----- Dataset content -----

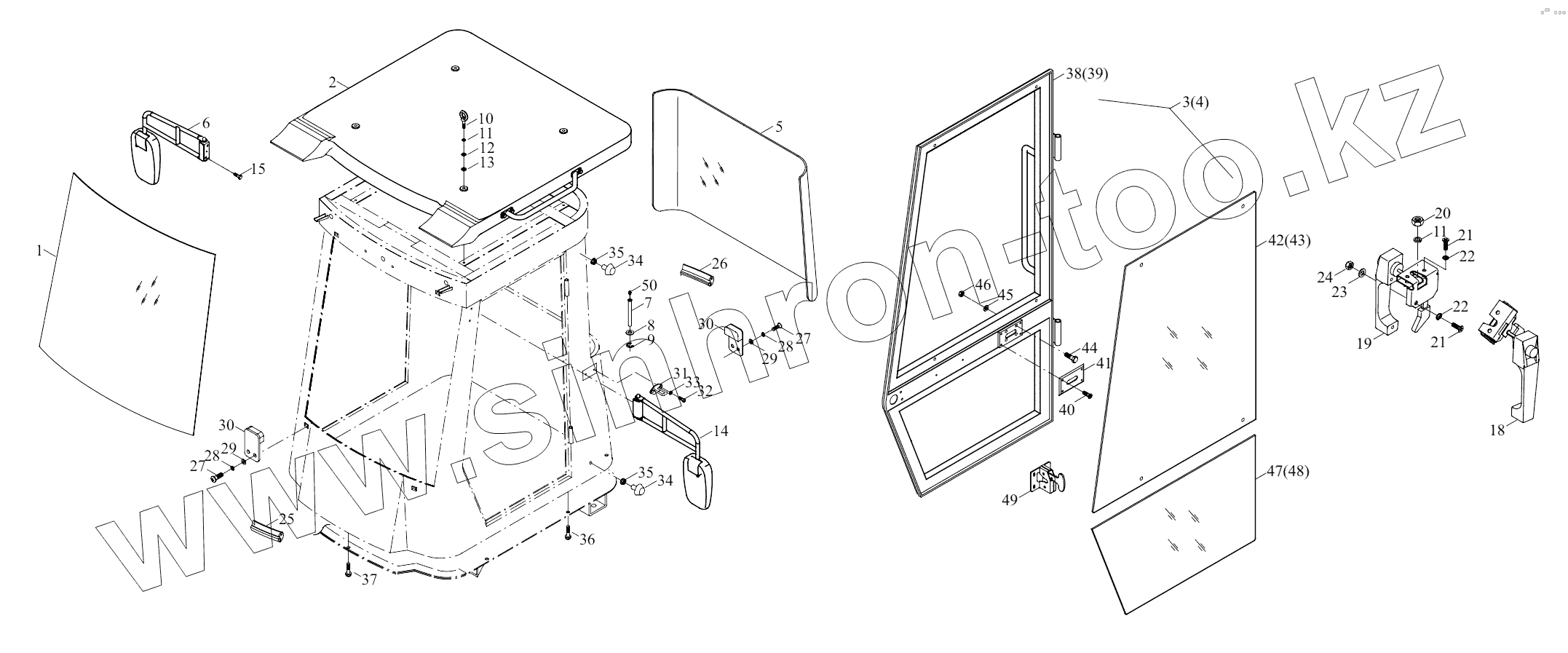 Каталог запасных частей к технике: Foton FL935E. 9D650-45A030000B0 Cab exterior mountings assembly
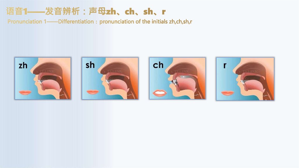 zh、ch、sh r是一组翘舌音 是由翘起的舌尖和硬腭前部配合而发音的。发zh、ch时 舌尖要先和硬腭接触 然后打
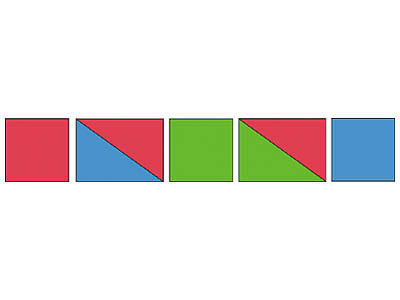 Квадратные карточки обозначают отдельную букву, а прямоугольные – слог. Для обозначения звуков использовано традиционное цветовое кодирование (гласный звук обозначается красным цветом, твердый согласный – синим, мягкий согласный – зеленым).
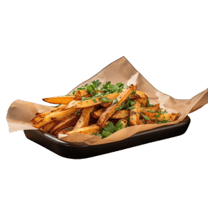 2 pcs 100% lamb sausages topped on a mountain of seasoned fries
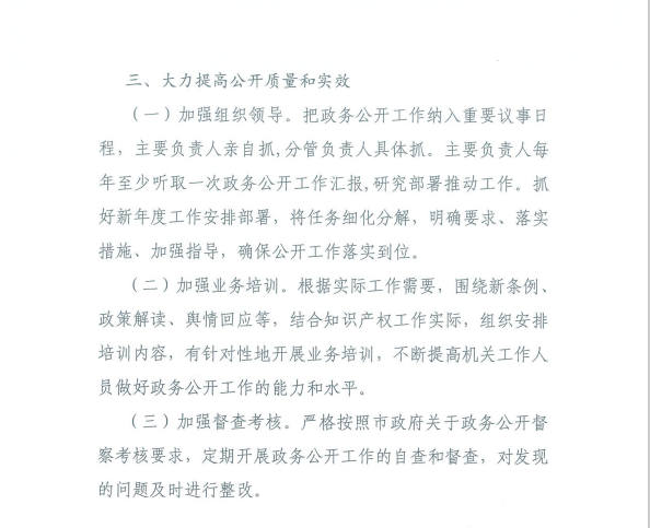 二是拓展政务信息公开渠道,通过微信公众号、市知识产权信息服务平台等渠道和“政府开放日”等活动发布政务信息,加大公开力度。
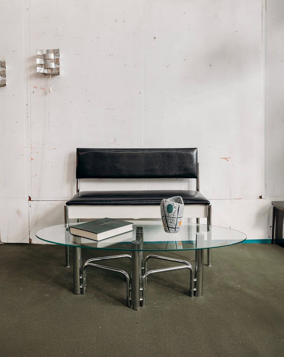 Discover our elegant glass and metal coffee table, a true symbol of modernity and refinement. Featuring a partially striped oval glass top, it brings a touch of light to your living room while accentuating the sophistication of your decor. The crafted legs add a unique, handcrafted dimension to this piece, offering a perfect harmony between contemporary design and functionality. This coffee table is the ideal choice to enhance your living space.
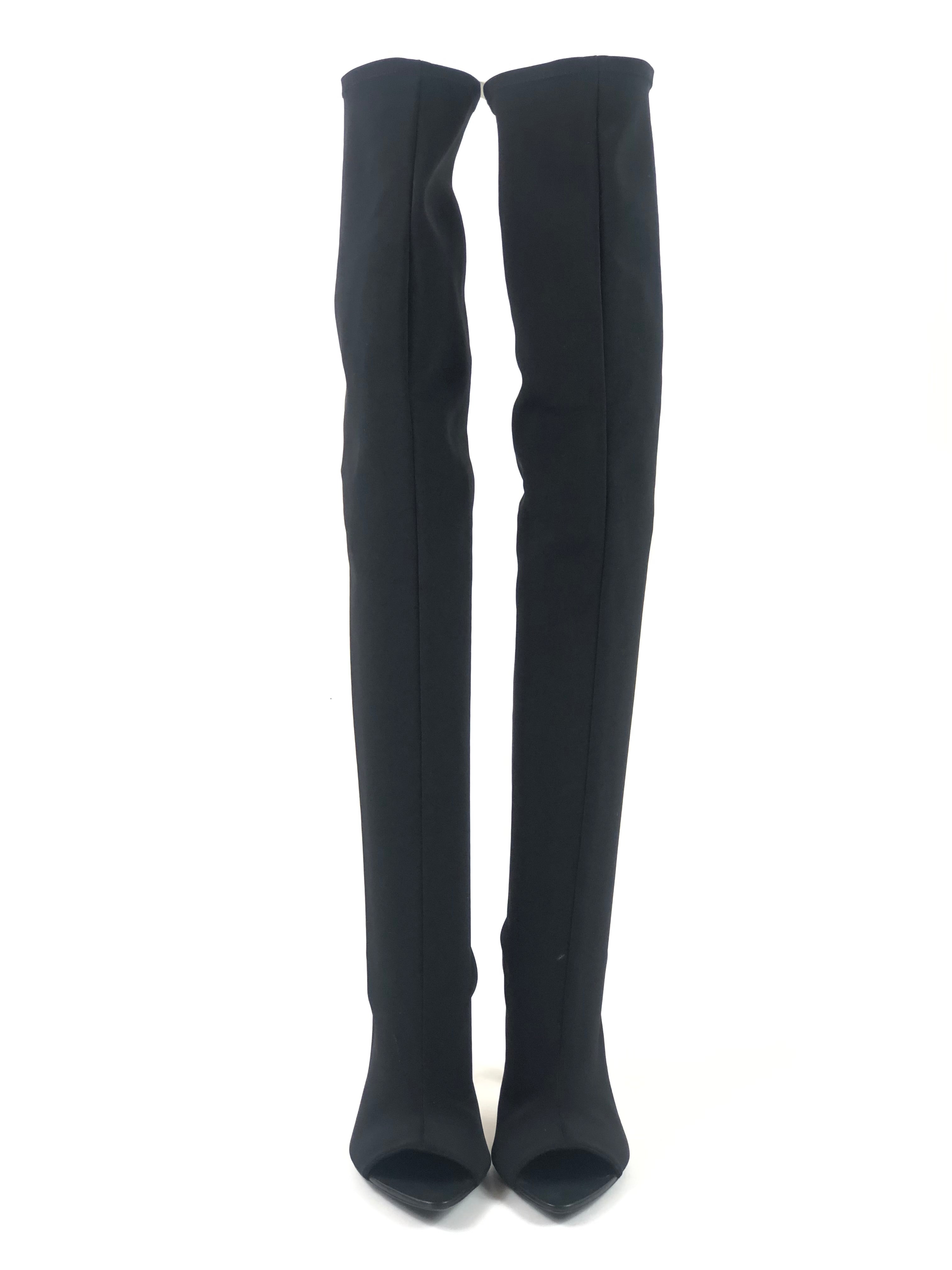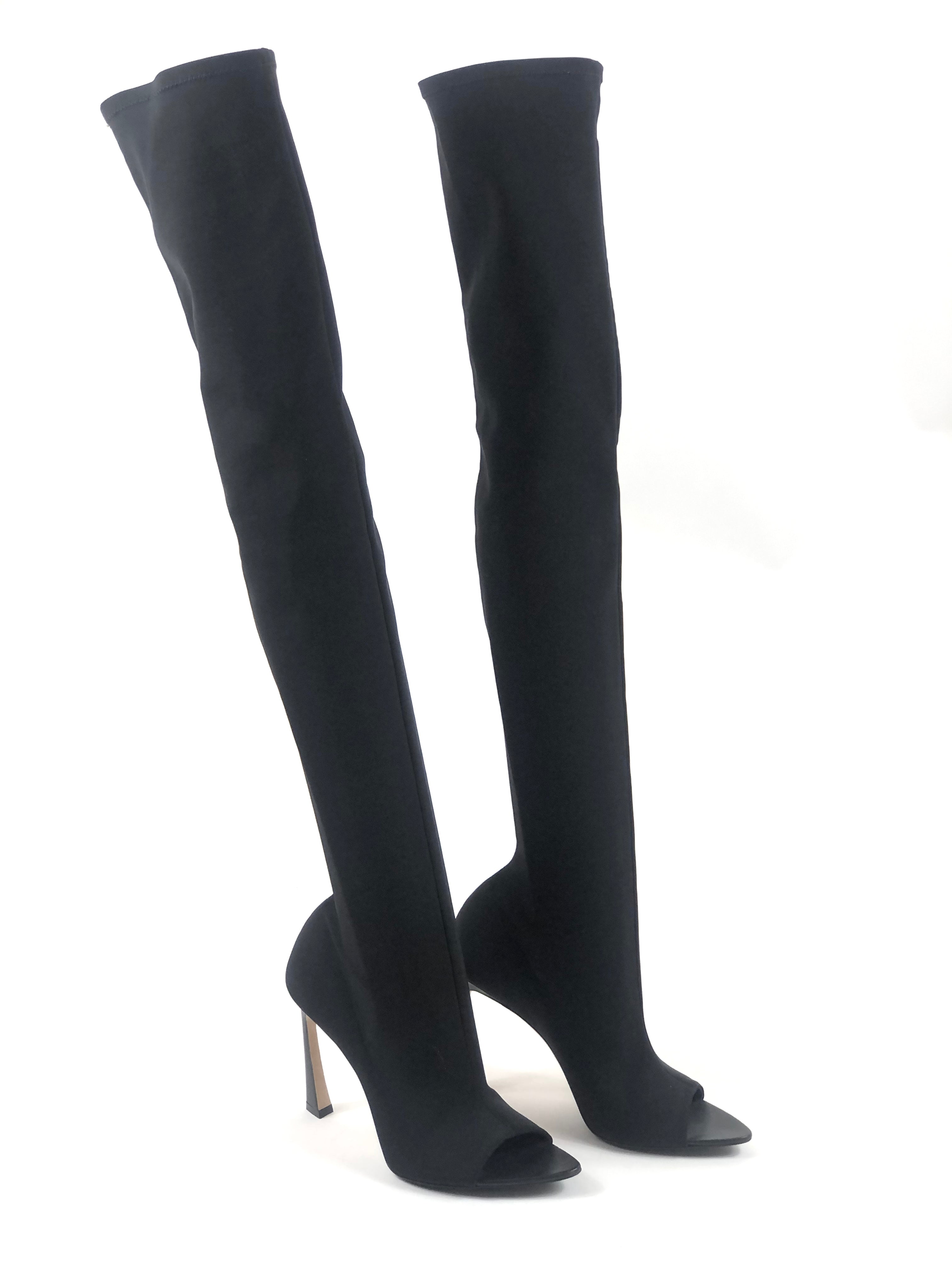 Black Jersey Peep-toe Over-the-knee Boots / VICTORIA BECKHAM - Size 39

-----

_Your task_
Your copy of the data above should match it exactly, apart from the images.

_Exercise solution_
 Каталог запасных частей к технике: Foton FL935E. 9D650-45A030000B0 Cab exterior mountings assembly
 zh、ch、sh r是一组翘舌音 是由翘起的舌尖和硬腭前部配合而发音的。发zh、ch时 舌尖要先和硬腭接触 然后打
 Квадратные карточки обозначают отдельную букву, а прямоугольные – слог. Для обозначения звуков использовано традиционное цветовое кодирование (гласный звук обозначается красным цветом, твердый согласный – синим, мягкий согласный – зеленым).
 2 pcs 100% lamb sausages topped on a mountain of seasoned fries
 二是拓展政务信息公开渠道,通过微信公众号、市知识产权信息服务平台等渠道和“政府开放日”等活动发布政务信息,加大公开力度。
 Discover our elegant glass and metal coffee table, a true symbol of modernity and refinement. Featuring a partially striped oval glass top, it brings a touch of light to your living room while accentuating the sophistication of your decor. The crafted legs add a unique, handcrafted dimension to this piece, offering a perfect harmony between contemporary design and functionality. This coffee table is the ideal choice to enhance your living space.
 Black Jersey Peep-toe Over-the-knee Boots / VICTORIA BECKHAM - Size 39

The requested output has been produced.